OBJECTIVE—To evaluate neural dysfunction in subjects with impaired glucose tolerance (IGT).

RESEARCH DESIGN AND METHODS—For this study, 46 subjects with IGT and 45 healthy volunteers underwent detailed neurological assessment. Cardiovascular autonomic function was assessed by standard cardiovascular reflex tests, and heart rate variability was characterized by the triangle index. Sensory nerve function was assessed using Neurometer (for current perception threshold) and Medoc devices. Peak plantar pressure was measured by dynamic pedobarography, and symptoms were graded using the neuropathy total symptom score.

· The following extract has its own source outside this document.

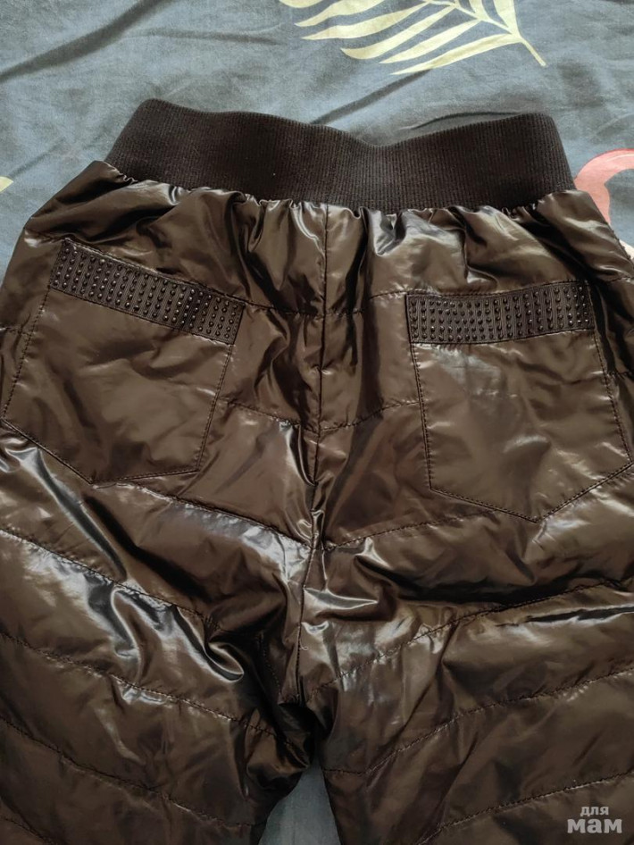 Тёплые штаны. Идеальные! Дочь носила такие в школу зимой. Легко надеть, пояс резинка. Занимают мало места, можно свернуть трубочкой. Лампас из трикотажа, хорошо садятся. Украшены стразами. Штанины не широкие, дочь спокойно заправляла в сапоги. Маркировка 150. Состояние отличное
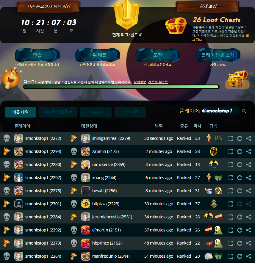 오늘의 Daily mission은 Life 덱으로 5승 하기 입니다. 미션 완료하였습니다.  보상으로 받은 체스트를 열어 보니 ..  이상입니다.

RESULTS—Subjects with IGT had significantly greater abnormalities detected by four of five cardiovascular reflex tests and greater heart rate variability characterized by the triangle index. They had a higher frequency of both hyperesthesia and hypoesthesia as detected by current perception threshold testing at 5 Hz, as well as increased heat detection thresholds.

CONCLUSIONS—This study provides evidence that subclinical neural dysfunction is present in subjects with IGT and can be detected noninvasively. Cardiovascular autonomic neuropathy may contribute to increased cardiovascular risk in IGT subjects.

Footnotes

  • Published ahead of print at http://care.diabetesjournals.org on 3 October 2008.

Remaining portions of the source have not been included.